Sauce Recipes

Pesto

Pesto, Pesto!!

Our parsley and basil pot was county class this  summer.  By mid-September, however, the basil began to look sun-bleached and a little
tired: a reminder for The Little Woman to harvest it all, before the first hard freeze, and have me make a batch of pesto.

Pesto is an uncooked sauce that goes wonderfully with pasta.  Just boil up some farfalle-, fettuccine- or fusilli-shaped pasta, drain, add it to a mixing bowl filled with an ounce or so of warmed pesto, toss and
serve on heated plates as a light lunch, an appetizer or as a side with meat.  James Peterson recommends pesto as a sauce over grilled meats, fish and vegetables, as well as stirred into a soup a la minute.

Pesto is easy to make if you have a food processor and a lot of fresh
basil leaves.  Here’s how:

(See abbreviations, if needed)

1.5oz     pine nuts, roasted

2C         loose, fresh basil (about 80 leaves or 2 oz), thoroughly dried

1C         shredded Parmigiano-Reggiano

3/4C      EVOO

3-5        garlic cloves

TT         S/P

1.  Place the pine nuts into a very hot pan and stir them until they begin to brown (don’t burn ’em) remove nuts from pan to hold

2.  Place the nuts, basil, cheese, garlic and S/P in the food processor and add 2oz of EVOO

3.  Pulse to create a thick emulsion

4.  With the food processor running, drizzle in the rest of the EVOO

5.  Place the pesto in an air tight jar and hold in the fridge.  It freezes well too.

Purple Pesto

We got together with some dear old friends to enjoy a beautiful fall day over a late lunch and to admire our hosts’ patch of purple basil.  We’ve
never seen the stuff before, so of course I had to take an armload of it
home with the promise that I would return with purple pesto–possibly the
world’s first.  Pesto is an uncooked fresh-tasting sauce. According
to Herbst, it originated in Genoa.

Its classic use is with pasta, always diluted with EVOO or hot pasta water
(1:1/2 or 1).  Diluted with EVOO, it’s delicious on oven roasted veggies and potatoes–whether oven roasted or sautéed and then finished in the oven. Undiluted, a tablespoon stirred, a la minute, into minestrone or served over corn on the cob, green beans or grilled meats, works well. Go here for my pesto recipe.

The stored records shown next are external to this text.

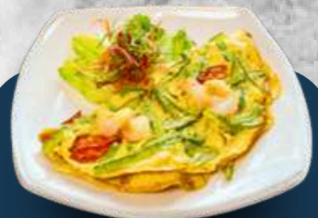
Fried Egg with Bitter Melon and Shrimps

계란과 새우를 곁들인 여주 볶음 Bitter melon cook with shrimp and eggs. 여주를 새우와 계란과 함께 조리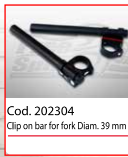
Cod. 202304 Clip on bar for fork Diam. 39 mm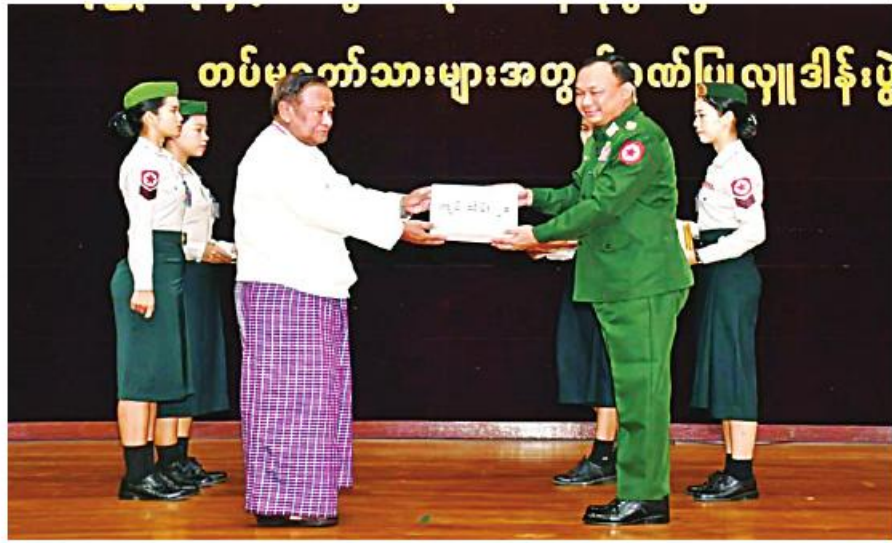
ရန်ကုန်တိုင်းစစ်ဌာနချုပ် တိုင်းမှူး ဗိုလ်ချုပ်ဇော်ဟိန်းထံ စေတနာရှင် အလှူရှင်တစ်ဦးက နိုင်ငံတော်လုံခြုံရေးနှင့် ကာကွယ်ရေးတာဝန်ကို စွမ်းစွမ်းတမ်းတမ်းဆောင်ရွက်ရုံသာ လုံခြုံရေးတပ်ဖွဲ့ဝင်များ အတွက် ဂုဏ်ပြုချီးမြှင့်ငွေများ ပေးအပ်ခဲ့ပါ။

နေပြည်တော် နိုဝင်ဘာ ၁၄ နိုင်ငံတော်လုံခြုံရေးနှင့် ကာကွယ်ရေး တာဝန်ကို စွမ်းစွမ်းတမ်းတမ်းဆောင်ရွက် ရုံသာ လုံခြုံရေးတပ်ဖွဲ့ဝင်များအတွက် စေတနာရှင်အလှူရှင်များက ဂုဏ်ပြုချီးမြှင့် ငွေများ လာရောက်ဂုဏ်ပြုချီးမြှင့်ပေးအပ် လျက်ရှိပါသည်။ ထိုသို့ ပေးအပ်လျက်ရှိရာ ယနေ့တွင် ရန်ကုန်တိုင်းဒေသကြီးအတွင်းရှိ စေတနာ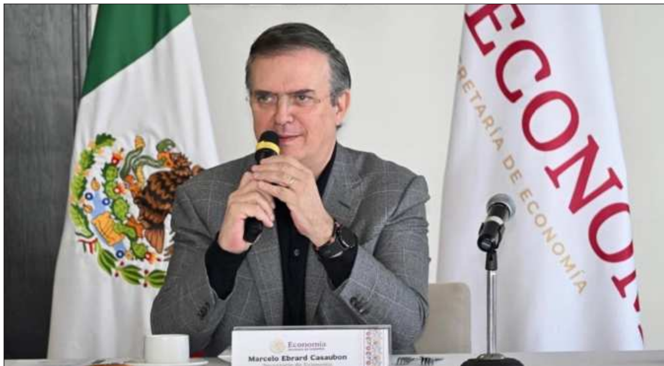
▲ Marcelo Ebrard señaló que la negociación no será tan dura como en 2018, cuando se encontró a un Donald Trump asegurando que el entonces Tratado de Libre Comercio de América del Norte, era el peor acuerdo comercial de la historia.

Para Ebrard, la revisión del T-MEC implica un reto, pero resaltó que "retos siempre habrá", por lo que ahora el equipo negociador de la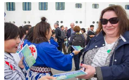
▲地元学生らによる「おもてなし」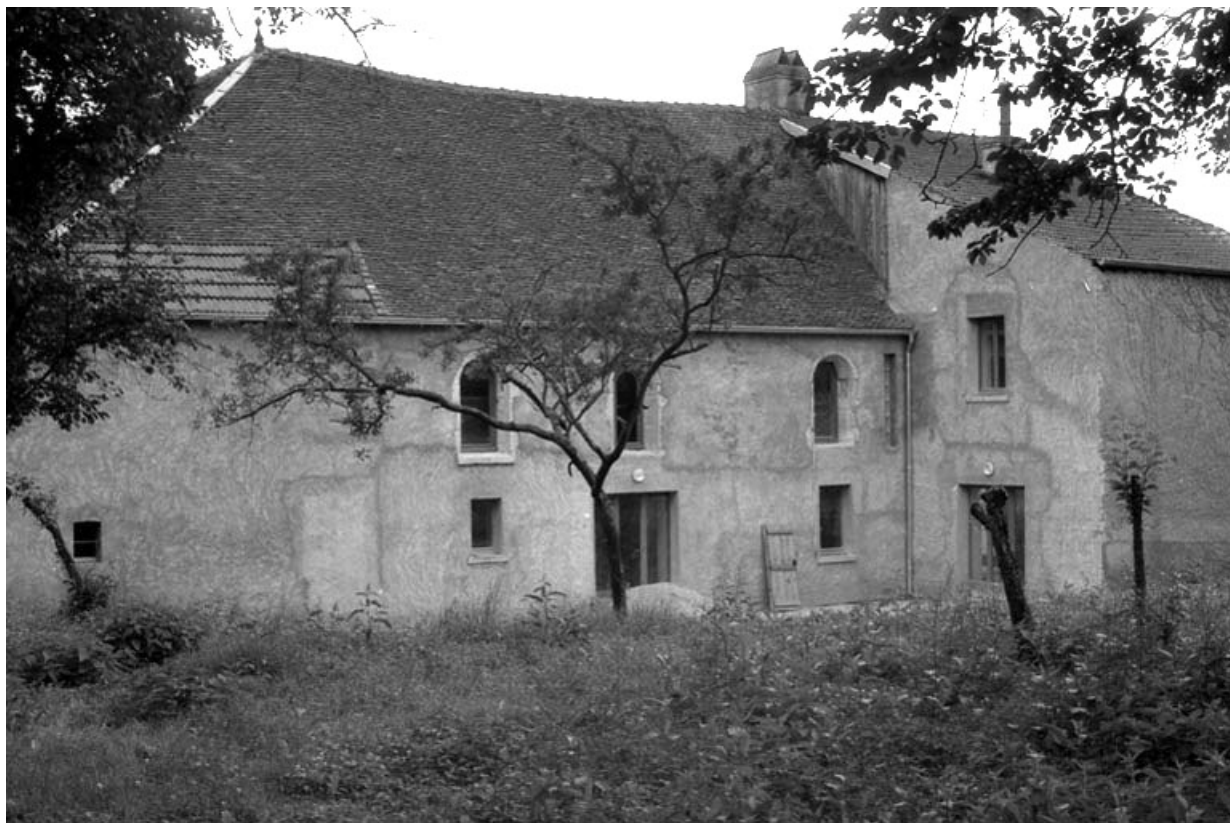
Façade latérale gauche.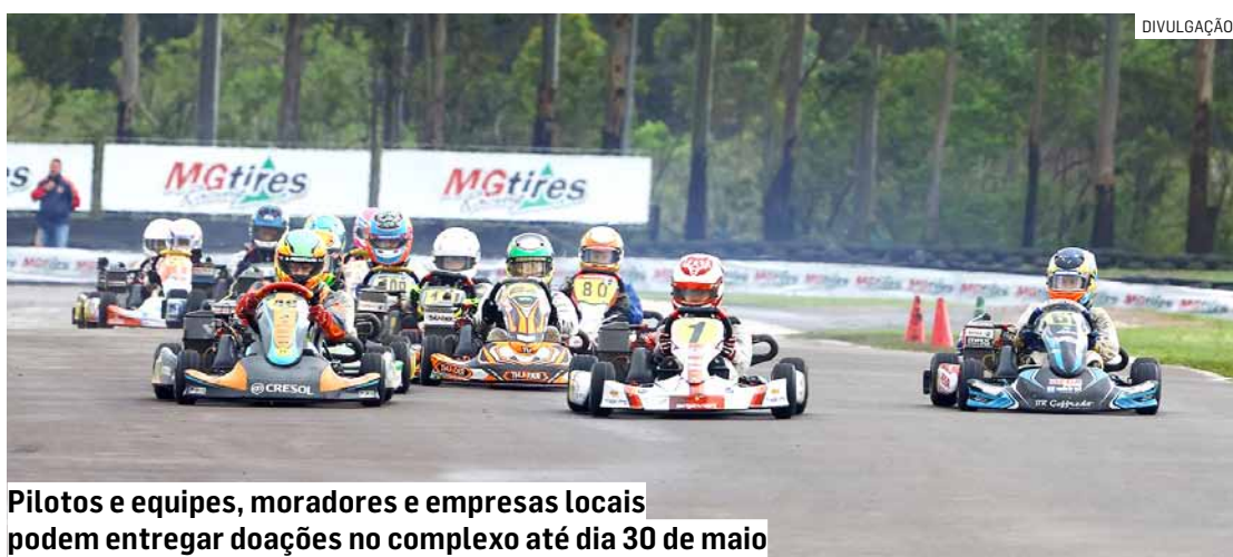
Pilotos e equipes, moradores e empresas locais podem entregar doações no complexo até dia 30 de maio

Da Redação • PAULÍNIA tribunaliberal@tribunaliberal.com.br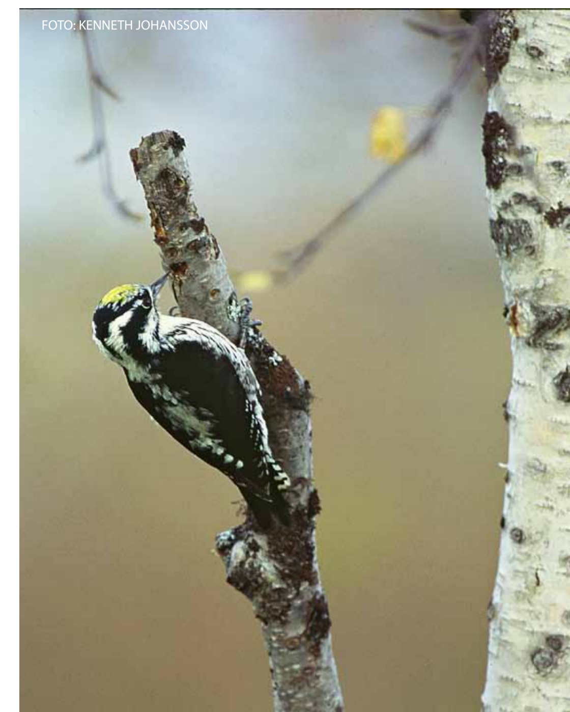
Tretåig hackspett. Three-Toed Woodpecker.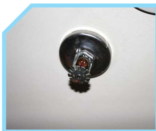
ĐƯỢC LẮP ĐẶT TRONG KHU VỰC PHÒNG CỦA KHÁCH VÀ HÀNH LANG KHÁCH SẠN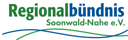
Gestaltung: B&D Design, Monzingen, www.bb-grafikdesign.de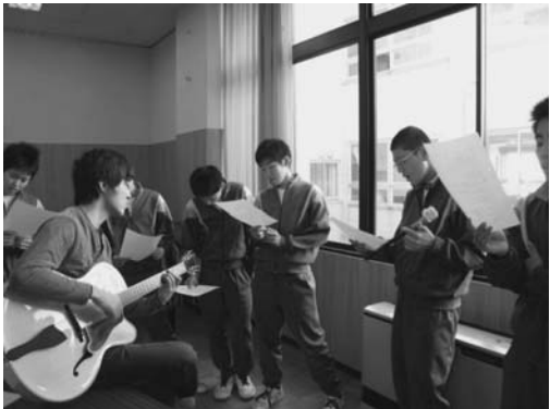
写真2 左は全体、右はグループでの歌唱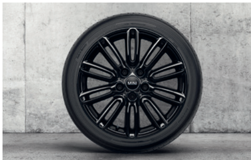
テンタクル・スポーク 500 17" ジェット・ブラック

フロント/リア 7J×17 (ET:54) ¥52,910 (¥48,100) / 1本 3610 6898 290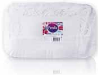
Travessa Cartão c/ Naperon Card Platter with Naperon Carte Plateau avec Naperon Bandeja Cartón c/Napperon

Nº 11 - 1 un Un. p/Cx: 10x10 Cód.: 5600441619608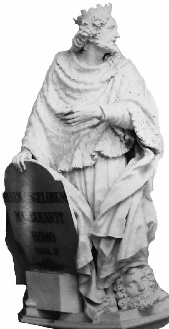
(fig. 10) Re Salomone.

reale di Umberto I e Consorte (che recita: « Templum istud nosocomium gynaeceum notharum puellarum Hubertus I Italiae Rex comite Consorte Sua Margarita piissime visit laetus que visa probavit postridie cal. septemb. MDCCCXCV. Hubertus I. IV cal. augusti MDCCCC ferali ictu occubuit illico sit sicarius anathema maran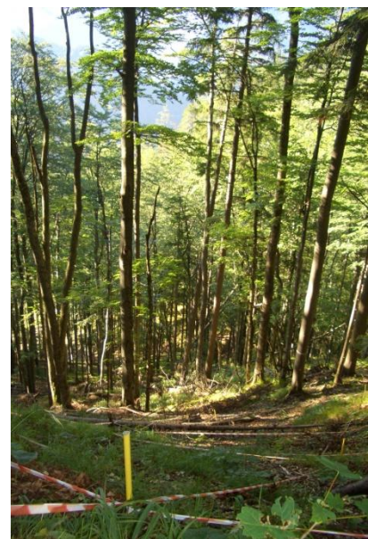
Abb. 2. Intensivplot 2 (IP2)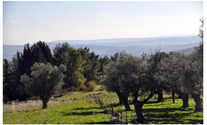
القديرية: مقبرة القرية من الناحية الغربية - تصوير مقبولة نصار - 5.4.08

Our garden basil is gone with the first hard freeze, so it is an autumn ritual to harvest it and make pesto, which I did last week.  I did it again with this purple basil, only to discover that we did not have enough Parmigiano-Reggiano to make a double batch.  “Why not shred two cups of the Pleasant Ridge Reserve Cheese and make it with that,” the Little Woman suggested.  Sure enough, that cheese, described below, was equal to the essential task of imparting strong cheese notes to balance off the basil and garlic.  Note the difference in color between the green leaf basil and the purple leaf variant.  Neato!